5月12日火曜日,15時55分頃。新聞部顧問の佐々木先生と部員4名が保管庫に踏み入った時,台車の上に置かれていた校内新聞が燃えているのを目撃した。幸い火はすぐさま消し止められ大惨事となることは防がれたものの,今月発行予定の校内新聞1200部と,保管されていた先月までの校内新聞の一部が焼失した。
補足しておくと,5人は今月の校内新聞を持ち出すため保管庫を訪れたとのこと。また電子データが残っていたので,新聞自体は2日遅れで発行されている。
鎮火後,すぐさま学察第1課による捜査が始まった。不審火の起きた新聞部は100年以上の歴史を誇る我が校の中でも特に由緒ある部で,14年連続県のコンクールで金賞を受賞中。総文祭でも幾度となく入賞している名門だ。真偽の程は定かでないが,噂によるとピューリッツァー賞の候補となるようなOBも輩出しているとか。そのため学内でも優遇されており,現場となった保管庫は優に10畳の広さを有しこれまで発行された新聞が6つのロッカーに保管されていた。保管庫の中にはロッカーの他に大型の机が1脚と燃えていたものを含め台車が2台あるのみ。新聞の作成は専ら部室で行われるためそちらにはPCやプリンター,輪転機等が備えられている。保管庫はその名の通り過去の刊行物をストックするためだけのものらしい。
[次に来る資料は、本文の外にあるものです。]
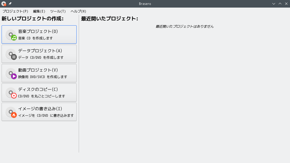 1. 概要 光ディスク(CD・DVD)のライティングソフトとして、「Brasero」を使用します。 2. インストール 「Synaptic」で、「brasero」を検索して、インストールします。 3. 起動 「スタート」→「マルチメディア」→「Brasero」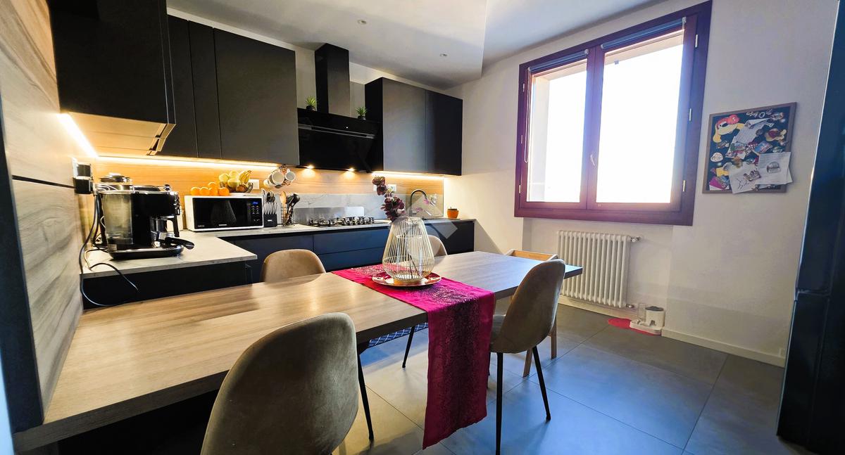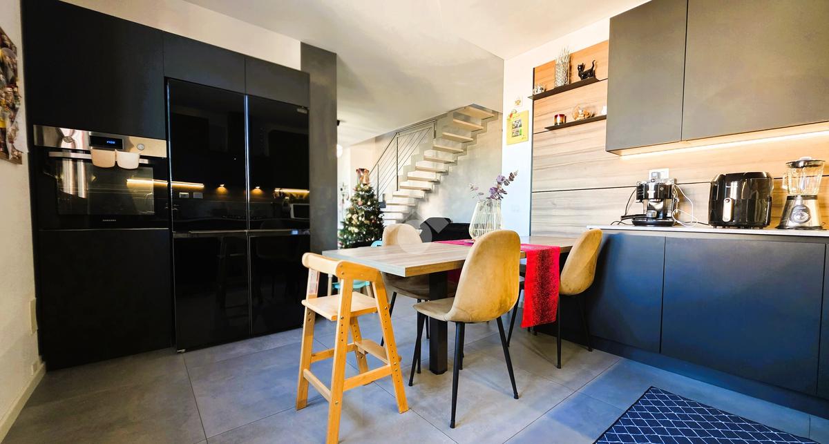 Il soggiorno è luminoso e spazioso, perfetto per momenti di relax e convivialità, la cucina, semiseparata, è dotata di tutte le comodità necessarie per chi ama cucinare.

事態がややこしくなるのはここからだ。捜査の結果,事件当時保管庫内に火種となりうるものはなかったと判断された。そのため何者かによる放火の可能性が疑われ,学察は先ずぼやを発見した5名に当時の状況を確認している。そこで問題となったのは,新聞部顧問と部員らが保管庫の鍵を開けて中に入ったこと。保管庫は部室棟と呼ばれる校舎の3階に位置し,その窓は第1グラウンドに面している。単に高さがあるだけでなく,放課後部活動に勤しむ生徒の目をかい潜りこの窓から侵入するのは至難の業だ。もちろん,ぼや発生時クレセント錠は全て下りていたことが確認されている。
つまり,保管庫は密室だった訳だ。
保管庫は普段から防犯のため鍵が掛けられているそうだ。キーは2つあり,一方は部長が代々受け継ぎ,もう一方は顧問が管理しているとのこと。従って2人以外は譬え新聞部部員であっても自由に内部へ入ることはできない。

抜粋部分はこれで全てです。